◆ **GOAL OF THE EXERCISE**
Restate the data below word for word. Skip any images it contains.

◆ **MATERIAL PROVIDED**
[Start of Attachment]
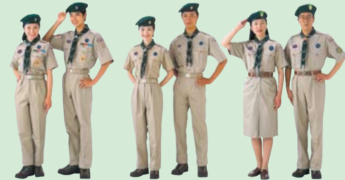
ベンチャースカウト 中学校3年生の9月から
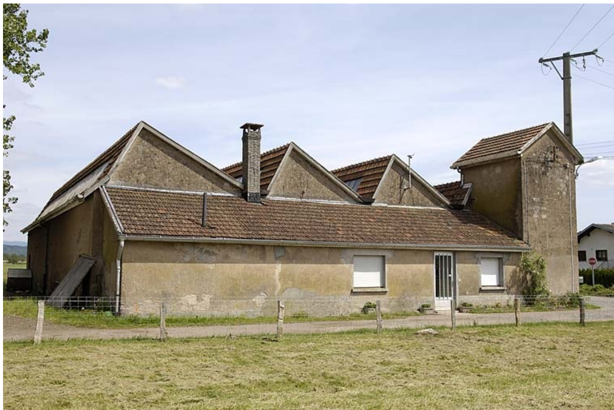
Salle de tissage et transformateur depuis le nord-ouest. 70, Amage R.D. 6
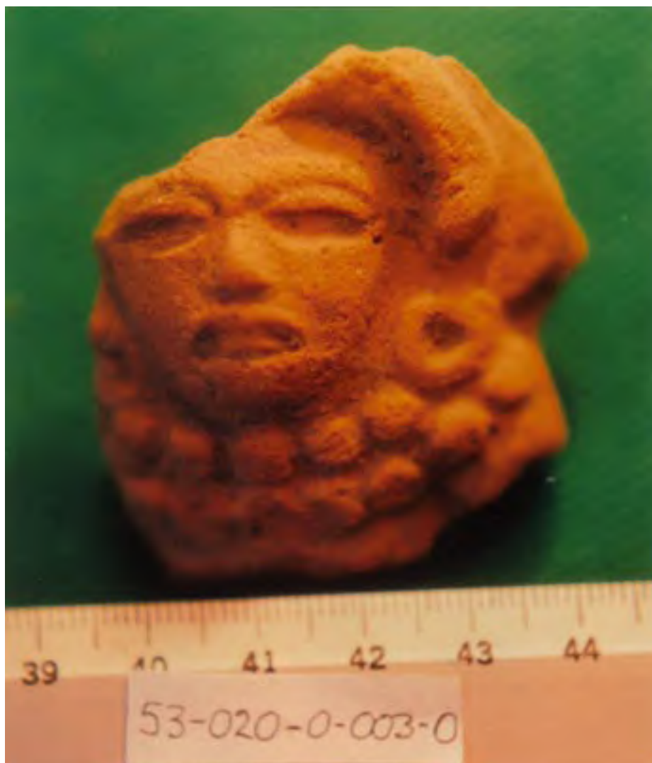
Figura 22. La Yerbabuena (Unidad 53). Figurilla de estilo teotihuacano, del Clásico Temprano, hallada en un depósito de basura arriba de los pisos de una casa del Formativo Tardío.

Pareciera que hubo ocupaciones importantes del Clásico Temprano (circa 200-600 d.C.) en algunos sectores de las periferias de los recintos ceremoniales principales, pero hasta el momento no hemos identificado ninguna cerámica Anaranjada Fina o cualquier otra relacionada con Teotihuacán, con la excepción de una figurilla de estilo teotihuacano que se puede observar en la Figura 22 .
[End of Attachment]
◆ **EXERCISE OUTPUT**
ベンチャースカウト 中学校3年生の9月から
Salle de tissage et transformateur depuis le nord-ouest. 70, Amage R.D. 6
Figura 22. La Yerbabuena (Unidad 53). Figurilla de estilo teotihuacano, del Clásico Temprano, hallada en un depósito de basura arriba de los pisos de una casa del Formativo Tardío.

Pareciera que hubo ocupaciones importantes del Clásico Temprano (circa 200-600 d.C.) en algunos sectores de las periferias de los recintos ceremoniales principales, pero hasta el momento no hemos identificado ninguna cerámica Anaranjada Fina o cualquier otra relacionada con Teotihuacán, con la excepción de una figurilla de estilo teotihuacano que se puede observar en la Figura 22 .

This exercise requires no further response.